In 1877 the Jesuits opened Shkodër Saverian College, first as a trade school and then as a classic liceum after the 1912 declaration of Albania's independence from the Ottoman Empire. This was accompanied by itinerant missionary work, alongside cultural, religious, artistic, musical, and theatrical groups, and publication of the magazine Immaculate Conception. In 1944 the communists came to power. Repression and persecution of Catholics followed. Among the 40 deemed martyrs in Albania during this period were Fr. Daniel Dajan, Rector of the College and Saverian Seminary. and Brother John Pantalia who ran the publishing house. The distinguished poet Ndre Mjeda taught at the Jesuit college from 1930.

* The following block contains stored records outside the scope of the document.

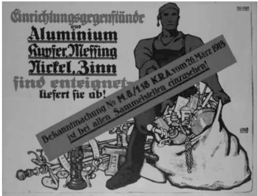
Bekanntmachung der Kriegsrohstoffabteilung, 1918 (Poster: Louis Oppenheimr)

Rathenau hatte die Kriegsrohstoffabteilung schon im Jahre 1915 wieder verlassen. Typisch Rathenau: Wenn er ein Unternehmen erfolgreich in die Welt gesetzt hat, das selbst weiter laufen kann, dann wendet sich der rührige Unternehmer dem nächsten Projekt zu. In diesem Falle wurde Rathenau nach dem Ableben seines Vaters Emil dringend an der Spit-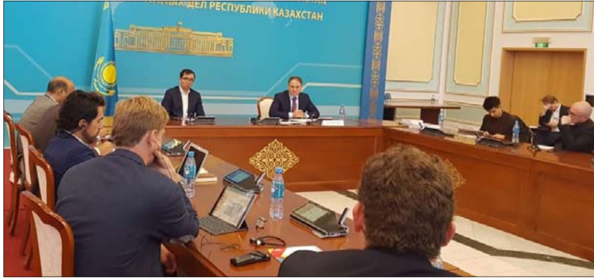
نائب وزير الخارجية يتحدث إلى وسائل الإعلام العالمية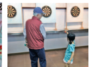
「当たった!」「刺さらない...」ダーツ体験で一喜一憂。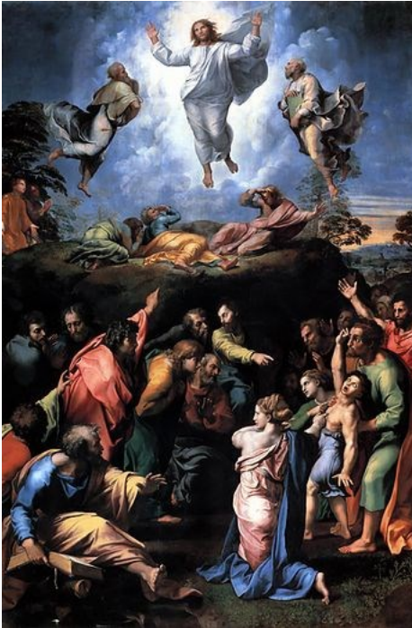
이는 내가 사랑하는 아들이다. < 마르코 9,2-10 >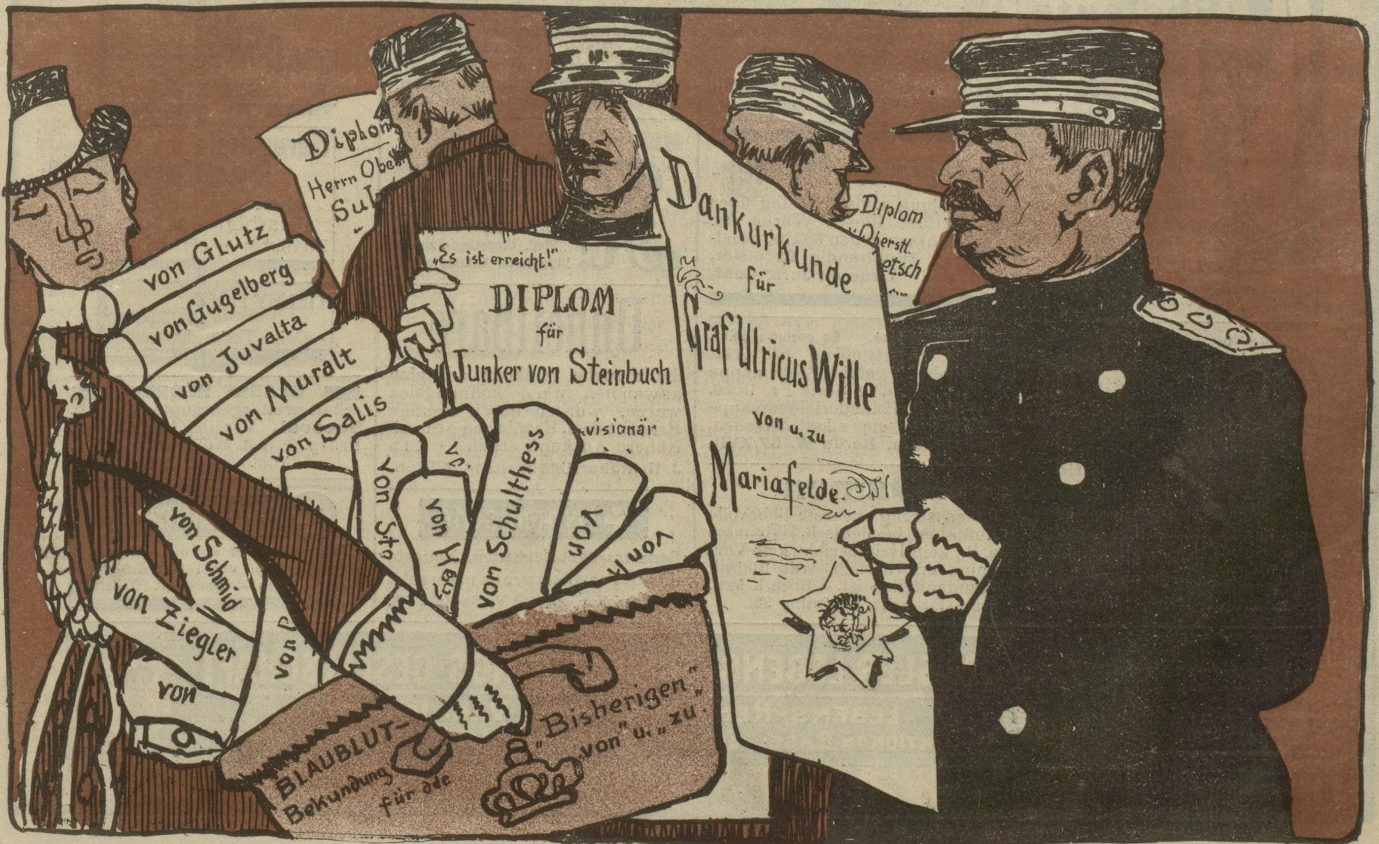
Neue Zürcher Nachrichten No. 216: „Schweizerische Militärpersonen dürfen keine Orden annehmen; der Kaiser läßt ihnen daher künstlerisch ausgeführte Ehrenurkunden überreichen.“

Only in 1990 did a new regime lead to the return of the Jesuits. In February 1992 they opened in the Shkodra Archbishopric a minor seminary. In 1994 they regained the property of the former Saverian College. A technical school and high school, recognized by the State, emerged. A seminary for all Albania, including philosophy and theology, opened in 1998 with help from Renovabis and the Italian Jesuits.

Middle School "Pjetër Meshkalla" replaced the earlier Xaverian College, and has since 1998 grown into a secondary school accommodating 500 students (60% girls) in 18 classes. Their religious background is Christian (75% – mostly Catholics, some Orthodox) and Muslim (25%). About 25% are village children.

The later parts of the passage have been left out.